In conclusion, Group Three’s project explored the intriguing link between music and mental health, using the Music & Mental Health Survey Results dataset. This exploration was done through the investigation of two questions: “What is the most effective model for assessing cumulative self-reported mental health scores?” and “What is the optimal model for evaluating each individual self-reported mental health condition?” The group was driven to explore these questions to find valuable insights to the field of music therapy and mental health research. With question one, Group Three found that model two for the combined self-reported mental health scores, which had the lowest MAE, had the best model; while the empty model performed the worst. With question two, Group Three found that all the model evaluations have similar structures. It could be observed that the second model, which had all variables and one specific interaction, was the best for predicting the score for Depression, OCD, and Insomnia. However, the first model, which examined all variables alone, was the best for predicting the score for Anxiety. With this in mind, it is expected that Anxiety performs best as subjects are more likely to report higher levels of Anxiety as it doesn’t need a medical diagnosis. These findings lead to an ultimate conclusion that self-reported mental health conditions cannot be accurately predicted using music preferences alone, which the group did not expect.

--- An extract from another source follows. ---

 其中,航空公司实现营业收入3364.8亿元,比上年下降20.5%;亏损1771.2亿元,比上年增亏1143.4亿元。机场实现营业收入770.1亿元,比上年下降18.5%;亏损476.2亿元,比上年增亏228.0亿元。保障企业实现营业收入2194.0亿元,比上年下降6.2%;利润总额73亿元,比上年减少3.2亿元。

While aiming to identify effective models for assessing cumulative self-reported mental health scores and individual mental health conditions, Group Three faced challenges due to the limited number of observations in the dataset. Given the small sample size, the models did not perform as well as hoped. The limited observations affected the reliability and generalizability of our results, making it challenging to draw robust conclusions. Moreover, linear regression models can be powerful tools for predicting relationships between variables, but they are not immune to errors. One factor that could have contributed to the presence of errors in our linear regression models was choosing to not iteratively use forward or backward selection to find the combination of variables that minimizes the mean absolute error.

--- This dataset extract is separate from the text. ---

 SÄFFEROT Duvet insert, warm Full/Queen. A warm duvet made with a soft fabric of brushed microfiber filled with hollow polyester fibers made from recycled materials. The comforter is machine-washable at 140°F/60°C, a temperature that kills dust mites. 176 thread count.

To mitigate these errors it would be integral to use different approaches. For example, stepwise regression to iteratively select the best combination of variables that produce the lowest mean absolute error. Additionally, creating a neural network and utilizing gradient descent to better minimize the cost function could be beneficial to revamping our model.

Despite the limitations, the project serves as a stepping stone for future research in this field. The group recognizes the need for larger and more diverse datasets to provide more meaningful insights into the relationship between music preferences and mental well-being. In the real world, understanding the therapeutic potential of music remains crucial for improving mental health interventions. Moving forward, Group Three encourages researchers to try more diverse models to optimize accuracy. By doing so, the true potential of music therapy and its role in promoting holistic well-being can be unlocked for individuals worldwide.